As concentrações plasmáticas de ANP e BNP, além de aumentar a resposta à distensão do músculo atrial, parecem ser antagonistas dos efeitos da ANG II no tônus vascular, na secreção de aldosterona, na reabsorção de sódio e no crescimento celular vascular. O CNP é encontrado no cérebro e em células endoteliais, mas suas concentrações plasmáticas são baixas47.

Além dos mecanismos renais, endócrinos e cardiovasculares, o controle pressórico é exercido também por reflexos neurais envolvendo barorreceptores. O sistema barorreflexo funciona através de vias aferentes medulares e vagais, pelas quais a informação atinge o núcleo do trato solitário. Nesse núcleo essa informação é modulada e volta ao coração através de componentes eferentes vagais rápidos, podendo se manifestar no primeiro batimento subsequente, e eferentes simpáticas lentas, que trazem a resposta com um atraso de até 20 segundos28.

Os barorreceptores são os mediadores primários do sistema nervoso autônomo no controle da PA e da frequência cardíaca, que respondem à deformação e ao estiramento da parede dos vasos onde estão localizados.

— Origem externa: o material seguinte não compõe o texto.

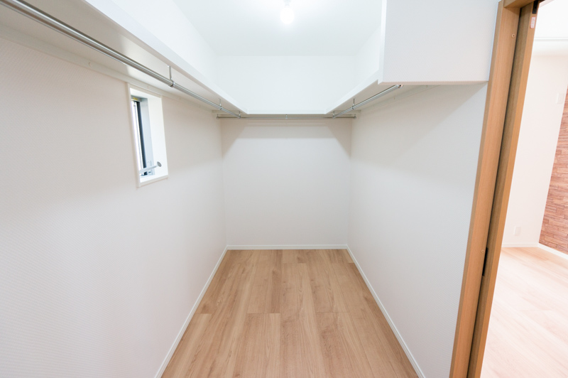 ー 寝室内にあるウォークインクローゼットにはたっぷりの収納スペースがあり、後ろを振り向くと...
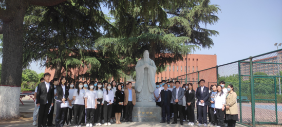 接着,由赵思梦、李佳宸同学领诵,带着50名同学在孔子雕像前齐声诵读了《大学》第一章。大家怀着朝圣之心、崇敬之情,庄严诵读经典,感悟儒家“修、齐、治、平”的理想情怀,接受中华文化精神的神圣洗礼。

Os seios carotídeos são dilatações das artérias carótidas internas que possuem a parede mais fina e com maior quantidade de tecido elástico, comparada às outras paredes de artérias. A inervação sensorial dessa área é provida pelos ramos do nervo glossofaríngeo (IX NC), enquanto que a dos barorreceptores aórticos é feita por ramos do nervo vago (X NC)28.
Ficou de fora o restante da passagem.